Mindful of the verse in Ecclesiastes that reminds us that there is "nothing new under the sun," I don't throw the word "unique" around lightly. Yet, the Fontanelle cemetery in Naples is more than simply interesting, bizarre and unusual. Maybe there really is nothing quite like this anywhere else in the world. The Fontanelle is a charnel house, a Golgotha, an ossuary, a vast collection of skeletal remains in a cave in the tufaceous hillside in the Materdei section of the city.
The area, itself, was well to the north, beyond the walls of the ancient Greek and Roman city, and Greek burial chambers—called
hypogea—have been found in the vicinity. The area, thus, is no stranger to rituals of death, but the Greeks could not have imagined the Fontanell.
By the time the
Spanish moved into the city in the early 1500s, there was already concern over exactly where to locate cemeteries, and moves had been taken to locate graves outside of the city walls. This did not sit well with many Neapolitans, who insisted on being interred in their local churches, the ones where they had worshipped all their lives. To make space in the churches for the newly interred, undertakers started removing earlier "residents" outside the city to the cave that would one day be the Fontanelle cemetery. The remains were interred shallowly and then joined in 1656 by thousands upon thousands of anonymous corpses, victims of the
great plague of that year.
At that point—sometime in the late 1600s—according to
Andrea de Jorio , a scholar from the 19th century, great floods washed open the graves and flooded the remains out and into the streets, presenting the grisly spectacle of roads awash with anonymous bones and corpses. The remains were returned to the cave, at which point the cave became the unofficial final resting place for the indigent of the city in the succeeding years—a vast paupers' cemetery, about 5,000 square meters in area. It was codified officially as such in the early 1800s under the French rule of Naples. The last great "deposit" of the indigent dead seems to have been in the wake of the cholera epidemic of 1837. Still, though—nothing really unusual so far.
Then, in 1872, Father Gaetano Barbati had the chaotically buried skeletal remains disinterred and catalogued. They then remained on the surface, stored in makeshift crypts, in boxes and on wooden racks. From that moment, a spontaneous cult of affection for, and devotion to, the remains of these unnamed dead developed in Naples. Defenders of the cult pointed out that they were paying respect to those who had had none in life, who had been too poor even to have a proper burial. Devotees paid visits to the skulls, cleaned them—"adopted" them, in a way, even giving the skulls back their "living" names (revealed to their caretakers in dreams). An entire cult sprang up, devoted to caring for the skulls, talking to them, asking for favors, bringing them flowers, etc. A small church,
Maria Santissima del Carmine, was built at the entrance (photo, right--the entrance to the cemetery is the cavern on the right of the church).

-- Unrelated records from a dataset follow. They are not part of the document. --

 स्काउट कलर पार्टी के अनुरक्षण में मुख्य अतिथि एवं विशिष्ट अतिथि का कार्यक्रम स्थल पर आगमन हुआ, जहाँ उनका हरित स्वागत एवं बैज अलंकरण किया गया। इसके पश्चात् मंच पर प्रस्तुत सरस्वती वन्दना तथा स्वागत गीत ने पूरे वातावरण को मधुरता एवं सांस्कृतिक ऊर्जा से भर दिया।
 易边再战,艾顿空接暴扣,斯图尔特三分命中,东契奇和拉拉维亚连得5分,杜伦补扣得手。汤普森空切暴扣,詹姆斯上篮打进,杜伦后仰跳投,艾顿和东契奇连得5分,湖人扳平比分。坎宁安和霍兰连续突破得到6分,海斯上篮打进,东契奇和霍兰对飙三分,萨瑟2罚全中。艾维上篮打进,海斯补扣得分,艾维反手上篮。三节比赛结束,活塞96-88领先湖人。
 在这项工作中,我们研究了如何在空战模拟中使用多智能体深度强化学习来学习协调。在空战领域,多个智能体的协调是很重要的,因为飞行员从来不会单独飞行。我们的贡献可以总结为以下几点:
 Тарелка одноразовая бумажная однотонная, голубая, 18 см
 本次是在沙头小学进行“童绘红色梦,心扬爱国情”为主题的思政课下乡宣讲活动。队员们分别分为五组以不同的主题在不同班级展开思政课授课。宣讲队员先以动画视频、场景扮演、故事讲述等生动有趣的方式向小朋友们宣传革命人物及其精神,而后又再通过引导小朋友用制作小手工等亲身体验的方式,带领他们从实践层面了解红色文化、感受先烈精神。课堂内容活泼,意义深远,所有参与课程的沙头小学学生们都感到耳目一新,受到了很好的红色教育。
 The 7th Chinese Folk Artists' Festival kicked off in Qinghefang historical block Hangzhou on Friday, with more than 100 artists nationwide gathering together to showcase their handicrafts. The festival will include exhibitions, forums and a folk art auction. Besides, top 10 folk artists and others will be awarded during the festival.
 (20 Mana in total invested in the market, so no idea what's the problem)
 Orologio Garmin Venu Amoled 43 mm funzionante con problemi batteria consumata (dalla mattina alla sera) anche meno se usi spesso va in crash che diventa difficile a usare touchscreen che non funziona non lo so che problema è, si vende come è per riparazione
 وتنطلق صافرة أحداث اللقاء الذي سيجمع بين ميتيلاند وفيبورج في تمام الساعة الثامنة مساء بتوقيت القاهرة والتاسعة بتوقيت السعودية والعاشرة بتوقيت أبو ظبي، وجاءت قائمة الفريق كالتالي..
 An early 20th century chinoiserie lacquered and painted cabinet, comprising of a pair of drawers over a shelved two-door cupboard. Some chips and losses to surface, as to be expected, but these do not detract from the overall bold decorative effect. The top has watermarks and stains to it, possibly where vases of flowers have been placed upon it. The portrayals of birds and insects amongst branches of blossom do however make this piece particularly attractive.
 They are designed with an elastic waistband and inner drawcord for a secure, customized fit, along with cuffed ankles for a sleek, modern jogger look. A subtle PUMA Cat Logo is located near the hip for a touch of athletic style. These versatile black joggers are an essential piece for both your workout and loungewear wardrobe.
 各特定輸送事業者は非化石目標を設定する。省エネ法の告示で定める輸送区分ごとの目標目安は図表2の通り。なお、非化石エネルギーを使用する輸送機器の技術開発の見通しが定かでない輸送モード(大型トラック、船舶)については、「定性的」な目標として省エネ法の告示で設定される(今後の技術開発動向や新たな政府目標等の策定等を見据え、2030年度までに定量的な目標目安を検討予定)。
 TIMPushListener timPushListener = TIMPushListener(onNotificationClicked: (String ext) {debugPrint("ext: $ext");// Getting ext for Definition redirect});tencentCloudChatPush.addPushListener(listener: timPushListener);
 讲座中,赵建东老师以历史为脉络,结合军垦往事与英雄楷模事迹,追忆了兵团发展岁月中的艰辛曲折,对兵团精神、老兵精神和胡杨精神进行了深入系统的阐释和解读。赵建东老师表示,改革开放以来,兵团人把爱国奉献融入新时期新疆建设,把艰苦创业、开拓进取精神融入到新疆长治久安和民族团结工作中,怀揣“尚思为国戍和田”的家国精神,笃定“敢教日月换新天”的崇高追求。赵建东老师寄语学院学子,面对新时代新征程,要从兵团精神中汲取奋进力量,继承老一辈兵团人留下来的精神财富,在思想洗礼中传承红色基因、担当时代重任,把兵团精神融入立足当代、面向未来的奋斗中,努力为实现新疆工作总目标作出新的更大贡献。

Folklore sprang up—stories connected with the skulls, stories about their original "owners" and how they interacted with the living. The "Captain's skull" is one such tale: a poor young girl adopted a skull and knew (from a dream) that he had been a Spanish captain. She talked to him, prayed to him, and asked that she might find a husband. She did. On the wedding day in church, everyone noticed an oddly dressed stranger in church. He smiled at the young bride, at which point the jealous bridegroom struck him in the face. Back in the cave, where she had gone to thank "the captain," she saw that the skull had a fresh mark, a bruise around the eye.
The cult of devotion to the skulls of the Fontanelle cemetery lasted into the mid-20th century. In 1969, Cardinal Ursi of Naples decided that such devotion had degenerated into fetishism and ordered the cemetery to be closed. It has recently undergone restoration as a historical site and may be visited.
In spite of the disappearance of the cult, the Fontanelle remains close to the hearts of many Neapolitans, as evidenced a few years ago when Rebecca Horn, a German artist, contributed to the yearly episodes of installation art in
Piazza Plebiscito . Her work consisted of about
100 bronze skulls implanted in the pavement . She may have meant it as tribute to the traditions of Naples, but the reception was cool—even hostile, on the order of "We don't need foreigners coming down here and reducing our traditions to a public spectacle."